2013年4月17日水曜日

骨粗鬆症


ゲスト/札幌駅前アップルレディースクリニック 工藤 正史 院長

骨粗鬆(しょう)症について教えてください。
 「骨が折れやすくなる」「骨がスカスカになる」という骨粗鬆症は、日本では男女合わせて約1300万人ほどになっています。骨が折れやすくなった場合、くしゃみやせきをしただけでも、あばら骨が折れたりすることもあります。昔は高齢になると骨がもろくなり折れやすくなるのは当たり前と考えられてきましたが、現在では生存期間の延長だけでなく生活の質の維持向上が求められます。従って骨折の予防は重要で、骨粗鬆症治療の意義はここにあります。
 女性は閉経に伴う女性ホルモンの低下を契機に骨量が急激に減少します。
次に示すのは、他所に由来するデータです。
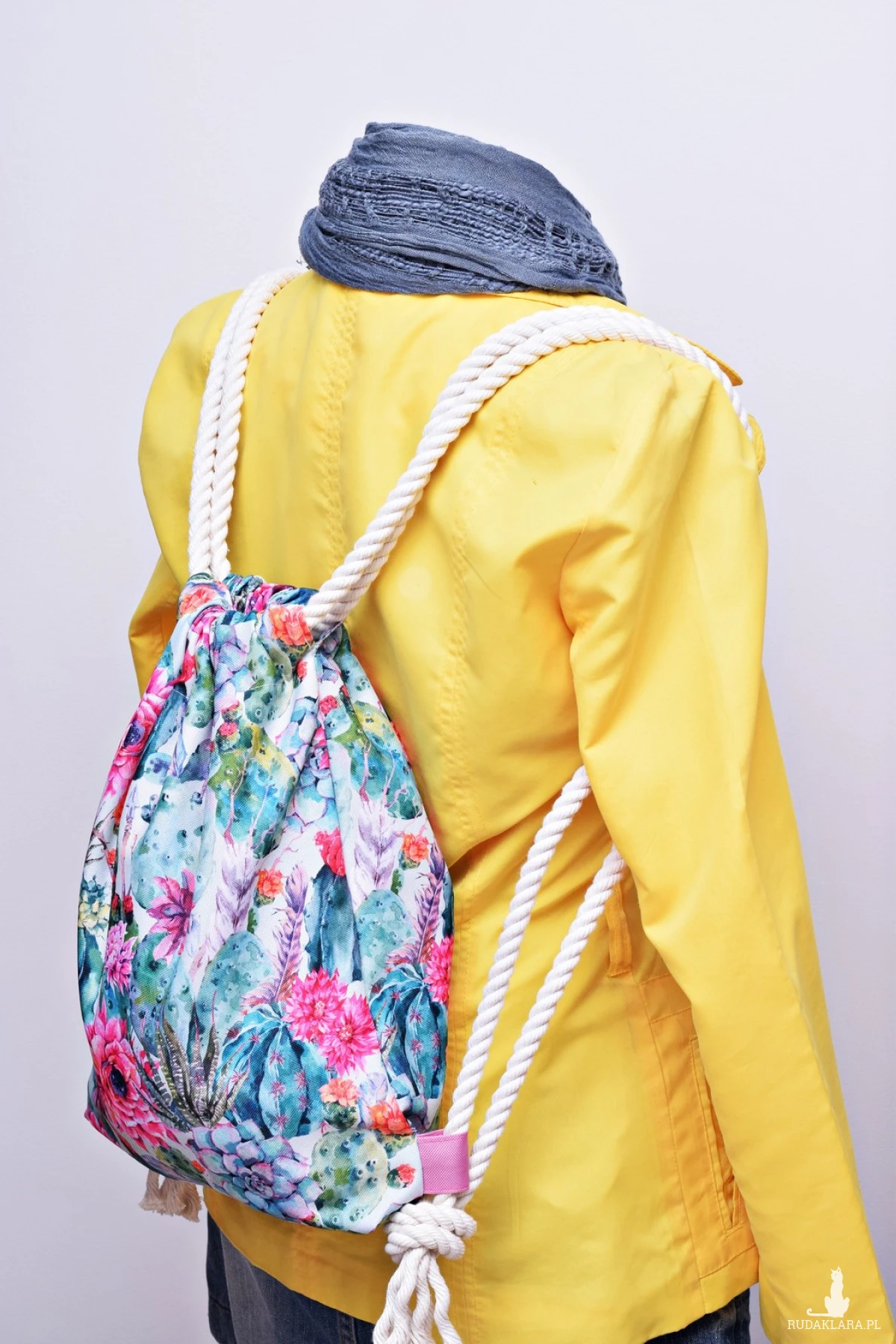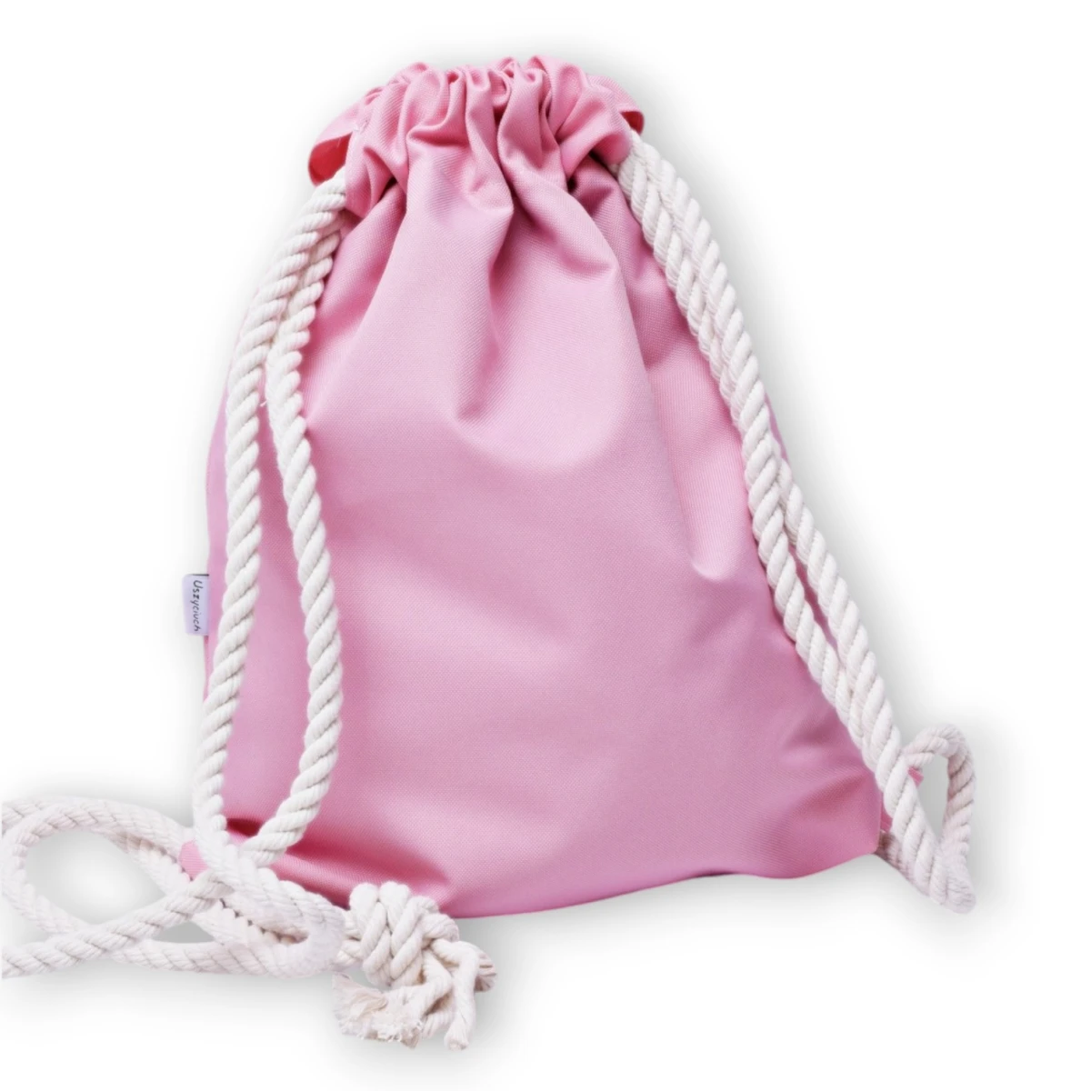 W środku worka jest także wodoodporna podszewka w kolorze różowym oraz kieszonka która pomieści drobiazgi takie jak klucze, telefon itp.

女性の発症率は男性に比べ3~4倍も高くなっています。骨粗鬆症は痛みなどの自覚症状がありませんので定期的な検査が重要です。特に閉経後や、卵巣機能不全のある方、腰痛を訴える方、骨粗鬆症の家族歴のある方、やせている方、副腎皮質ステロイド内服、甲状腺機能異常のある方は積極的な骨密度測定が必要です。最小限必要な血液検査は血清カルシウム、リン、アルカリフォスファターゼです。
 骨粗鬆症の診断は数種類ありますが、DXA法(デキサ法)による腰椎と大腿骨頸部(けいぶ)の骨密度測定が重要です。X線で脆弱性骨折(小さな外力によって発生する骨折)があれば骨粗鬆症、骨折がなくても骨密度が若年女性平均(YAM)の70%未満なら骨粗鬆症、70~80%なら骨量減少となります。
 骨粗鬆症と診断された場合は、薬物治療にて骨量低下を防止し骨折を予防します。さらに生活習慣や食事療法含めたライフスタイルの改善が必要です。1日800mgを目標にカルシウムを摂取しましょう。タバコやアルコールなどの多量摂取や高塩分食などは避けましょう。適度な運動の継続は骨量低下や骨折の防止に対しては有効で、散歩や水泳、体操などで背筋の強化運動もお勧めです。
 若い人も骨粗鬆症にならないために骨量をしっかり蓄積することが大切です。女性の骨量は20歳頃に最大値となり、その後40歳頃まではほぼ一定ですが、その後は徐々に減少するからです。成長期の方も無理なダイエットを避けバランスのよい食事と運動、いつの時代も大切なことは一緒です。
 転んで手をついただけで骨折にならないようしっかりと予防して下さい。